▶ [Task details]: Transcribe only the lines in the data below falling between the line with "Североатлантический альянс заметно" and the line with "Beautiful winter themed", including those two lines, and leave out any picture.

▶ [The data]:

..............................

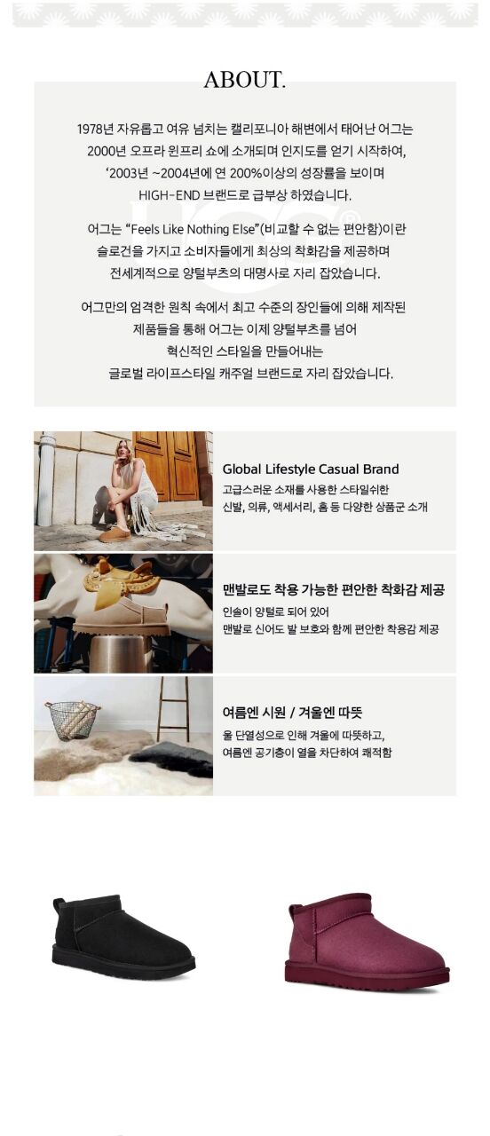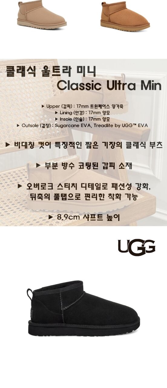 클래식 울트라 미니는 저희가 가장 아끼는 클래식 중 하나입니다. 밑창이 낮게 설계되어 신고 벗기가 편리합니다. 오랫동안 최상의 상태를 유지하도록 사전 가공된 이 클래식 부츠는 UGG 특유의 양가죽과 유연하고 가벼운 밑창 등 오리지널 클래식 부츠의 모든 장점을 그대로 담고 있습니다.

..............................

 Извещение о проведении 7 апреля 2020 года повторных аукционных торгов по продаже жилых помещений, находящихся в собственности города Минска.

..............................

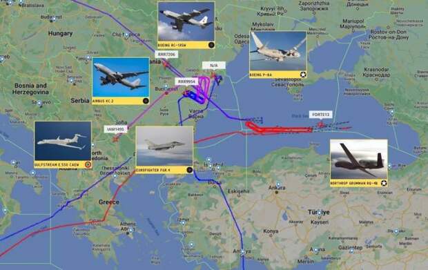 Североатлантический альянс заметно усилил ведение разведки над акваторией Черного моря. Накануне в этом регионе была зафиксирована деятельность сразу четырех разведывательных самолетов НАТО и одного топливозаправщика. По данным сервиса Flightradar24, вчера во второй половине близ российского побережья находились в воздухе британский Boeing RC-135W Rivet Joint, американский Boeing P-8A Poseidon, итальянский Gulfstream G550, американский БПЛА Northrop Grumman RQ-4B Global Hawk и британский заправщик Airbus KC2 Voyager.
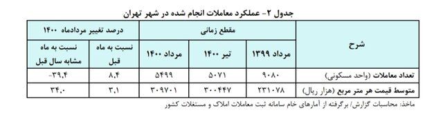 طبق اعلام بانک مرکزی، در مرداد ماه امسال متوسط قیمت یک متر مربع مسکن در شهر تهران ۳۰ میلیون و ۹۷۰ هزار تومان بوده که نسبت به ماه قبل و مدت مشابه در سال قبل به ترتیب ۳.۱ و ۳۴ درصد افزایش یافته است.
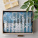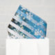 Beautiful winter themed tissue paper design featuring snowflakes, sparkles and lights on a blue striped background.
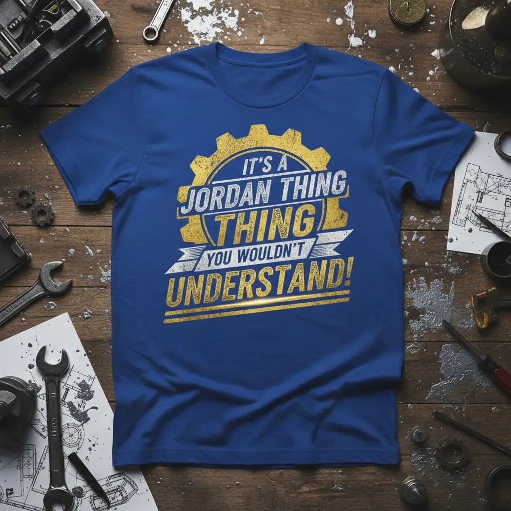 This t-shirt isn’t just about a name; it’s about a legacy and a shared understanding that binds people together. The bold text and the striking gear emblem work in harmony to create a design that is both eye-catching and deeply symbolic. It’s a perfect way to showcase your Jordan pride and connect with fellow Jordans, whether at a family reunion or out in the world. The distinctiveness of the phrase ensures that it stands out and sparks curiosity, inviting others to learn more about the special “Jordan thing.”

..............................

▶ [Completed task]:
 Североатлантический альянс заметно усилил ведение разведки над акваторией Черного моря. Накануне в этом регионе была зафиксирована деятельность сразу четырех разведывательных самолетов НАТО и одного топливозаправщика. По данным сервиса Flightradar24, вчера во второй половине близ российского побережья находились в воздухе британский Boeing RC-135W Rivet Joint, американский Boeing P-8A Poseidon, итальянский Gulfstream G550, американский БПЛА Northrop Grumman RQ-4B Global Hawk и британский заправщик Airbus KC2 Voyager.
 طبق اعلام بانک مرکزی، در مرداد ماه امسال متوسط قیمت یک متر مربع مسکن در شهر تهران ۳۰ میلیون و ۹۷۰ هزار تومان بوده که نسبت به ماه قبل و مدت مشابه در سال قبل به ترتیب ۳.۱ و ۳۴ درصد افزایش یافته است.
 Beautiful winter themed tissue paper design featuring snowflakes, sparkles and lights on a blue striped background.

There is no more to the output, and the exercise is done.